2. Carpet the Stairs
As a general rule, carpeting is better for your kids than hardwood flooring. Not only does it cushion falls, prevent slips, and offer a better grip for small feet, but it’s a great way to protect the stairs themselves.
Choosing to carpet your stairs might not fit into your plans easily, but consider it the next time you’re making home improvements. It can benefit you if you’re constantly carrying your baby up and down them. When you’re tired, it’s easier to fall or make a wrong step.
3. Remove Baby Gates
You read that right: remove your baby gates when your little one reaches a certain age.
When your baby starts learning to climb, baby gates become a hazard. Despite having vertical bars to deter climbing and secure mounts, you need to get rid of them once your child is about 2 years of age.
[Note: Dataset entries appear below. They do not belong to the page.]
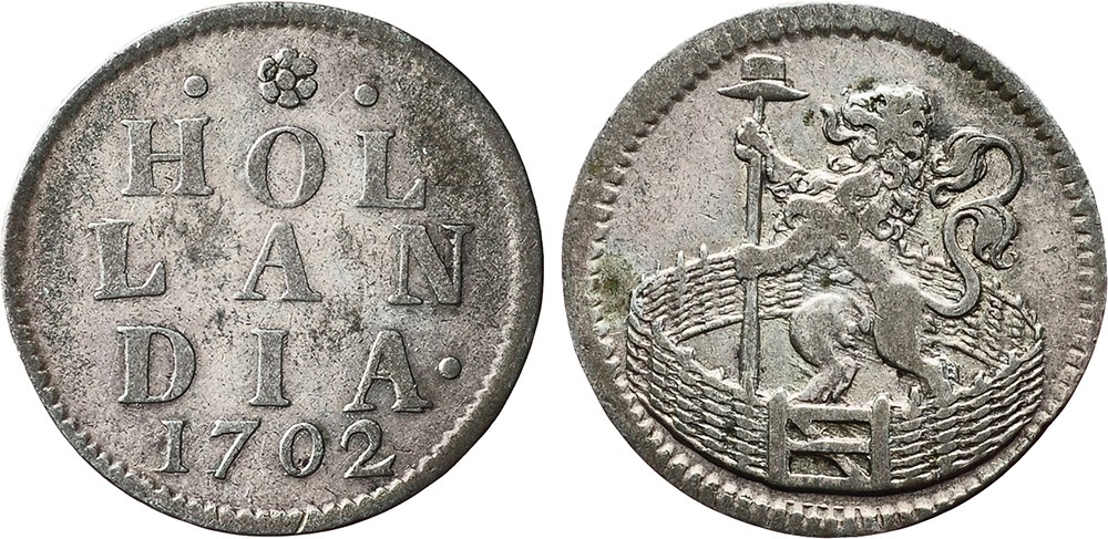 Duit zilver 1702. Cnm. 2.28.126. Ca. zeer fraai.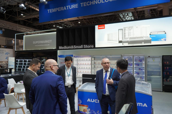 澳柯玛控股集团朱江董事长带队一行前往展会现场进行考察调研,实地查看展会布展及运营、服务等工作的开展情况,并深入了解欧洲商用冷链产品行业主流趋势、行业发展最新产品以及海外客户采购需求等。他指出澳柯玛此次参展不仅是公司产品和技术的展示,更是与欧洲及全球市场持续对话、共同探索零售未来方向的重要一步。通过对标欧洲品牌产品的设计和质量,公司要进一步把产品做得更细、更透,逐步成为全球客户值得信赖的冷链伙伴。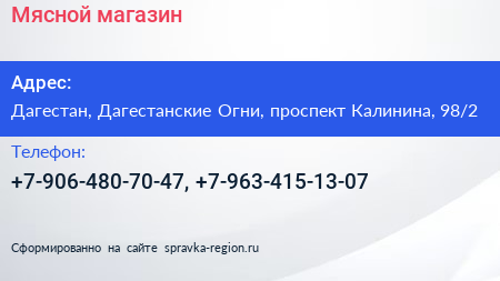 Мясной магазин по адресу Дагестан, Дагестанские Огни, проспект Калинина, 98/2 в дальнейшем Организация, размещена в следующих категориях: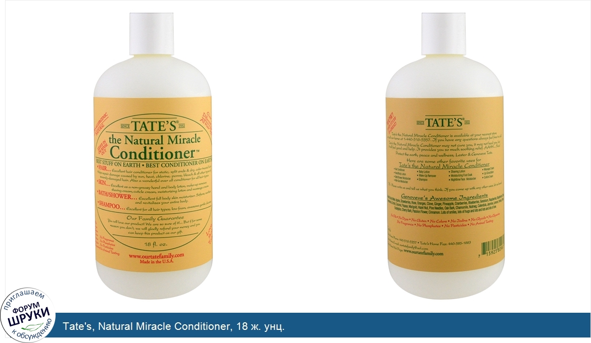 Друзья, если у вас есть отзыв/дополнение/комментарий/вопрос относительно Tate's, Natural Miracle Conditioner, 18 ж. унц. - напишите его ответом в эту тему (это будет полезно всему сообществу в целом и вам в отдельности).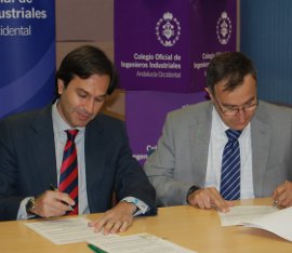 El secretario general de Innovación y Sociedad de la Información de la Consejería de Economía, Innovación y Ciencia, Juan María González, ha firmado un convenio de colaboración con el decano del Colegio Oficial de Ingenieros Industriales de Andalucía Occidental, Aurelio Azaña, para la incorporación de esta entidad como colaboradora del programa Andalucía Compromiso Digital.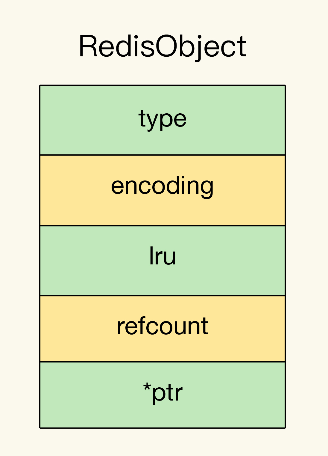 RedisObject的内部组成包括了type、encoding、lru和refcount 4个元数据,以及1个*ptr指针。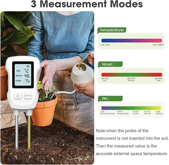 - جهاز اختبار التربة متعدد الوظائف: يقيس جهاز اختبار التربة الخاص بنا رطوبة التربة ودرجة الحموضة ودرجة الحرارة بسرعة، حتى تتمكن من العناية بنباتاتك وزهورك بشكل أفضل. من خلال قياس رطوبة التربة ودرجة الحموضة ودرجة الحرارة، يمكنك تحديد وقت ضبط رطوبة التربة ودرجة الحموضة.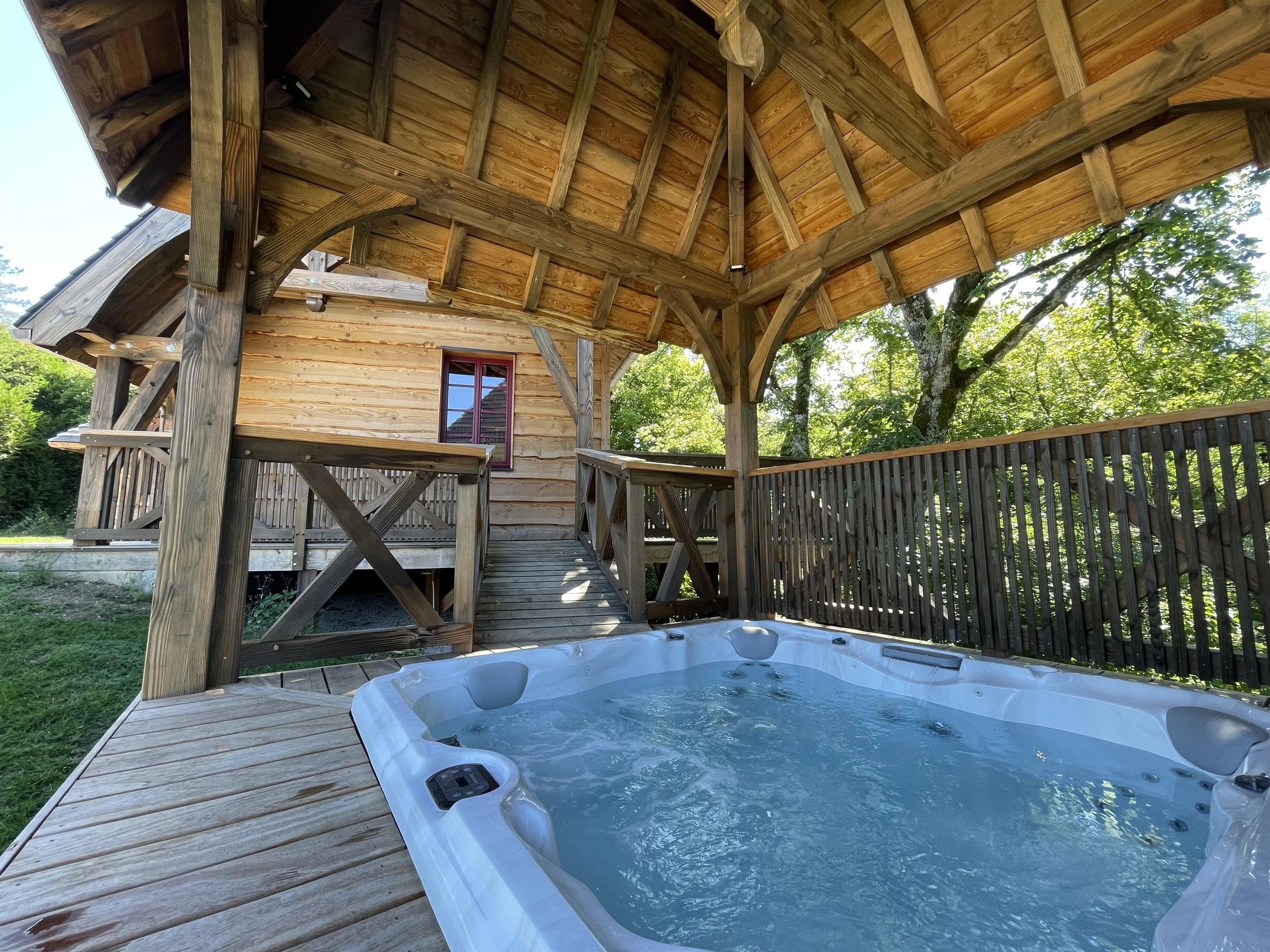 Un large salon/salle à manger avec cuisine ouverte toute équipée s'ouvre sur une terrasse ombragée. Un ponton vous mènera au SPA extérieur abrité. La salle d'eau moderne est équipée d'une large douche avec double colonne (2 douches) et d'une double vasque. WC indépendants.

For families with more than one child, this could become a problem. Large area gates like multi-panel gates can become handy at this point to leave the stairs open but restrict certain youngsters.
You can also start teaching your older toddlers early how to climb stairs safely.
Stair Babyproofing Don’ts
The good news is there really isn’t much you can do to mess up babyproofing your stairs as long as you follow your manufacturer’s instructions on your baby gates. By testing all of your babyproofing decisions for any weak spots, you’ll notice risks on your own.
Still, there is always a chance for oversight. For additional safety tips for stairs and other household items, this is what Nemour’s Children’s Hospital suggests.
If you’re still concerned, here’s a quick list of things you should avoid when babyproofing your stairs:
1. Don’t Wait
Waiting for the last minute to install your baby gate causes stress and leaves too much room for error. You should babyproof before the first sign of mobility appears in your little one.
Getting used to the gates before they’re needed is a smart idea, too. This is especially true if you have ones that latch to allow you to walk through. You don’t want to forget to shut it behind you or start tripping over them at night.
2. Don’t Put the Gate off the Ground
Kids are really crafty, and they’re surprisingly able to fit through tiny spaces. It’s a common problem to need a taller gate, but one of the worst mistakes you can make when babyproofing is putting your baby gate a few inches off the ground instead.
You may be gaining height, but you’re adding instability and the opportunity for your little one to slip under and tumble down.
Make sure the baby gate you buy is tall enough to restrict your child. If your baby grows too fast and the baby gate becomes a hazard, either get a new taller one or think of a new way to restrict access.
3. Don’t Put Two Gates Together
We get it. Few things are more frustrating than when you attempt to put up your baby gate and realize your doorway is too wide. It can be tempting to just put two gates together to extend the width — or even stack them for height.
But this solution is really dangerous. When you fasten gates together, they lose their stability and create a hazard for curious babies. Any time you deviate from the manufacturer’s directions, you create more risks for your baby.
4. Don’t Try to Rig a Gate
I’ve seen some crazy baby gate contraptions, and I can firmly say none of them have been safe. If you’re using a baby gate, don’t modify it in any way that isn’t approved by the manufacturer.
This includes raising it above the ground and shoving towels underneath or putting wooden blocks on the sides of the gate to make it fit into a doorway.
An excellent way to avoid this frustration and temptation is to carefully and accurately measure your doorway before choosing a baby gate, and check the measurements of the gates you plan to buy. Don’t even bother getting one that doesn’t fit your numbers.
Are Your Stairs Prepared?
By making your stairs one of the entirely off-limits places for children under the age of 2, you can help prevent tons of injuries.
By choosing the right baby gate and following directions instead of modifying them, you can ensure your little one’s safety and your own security.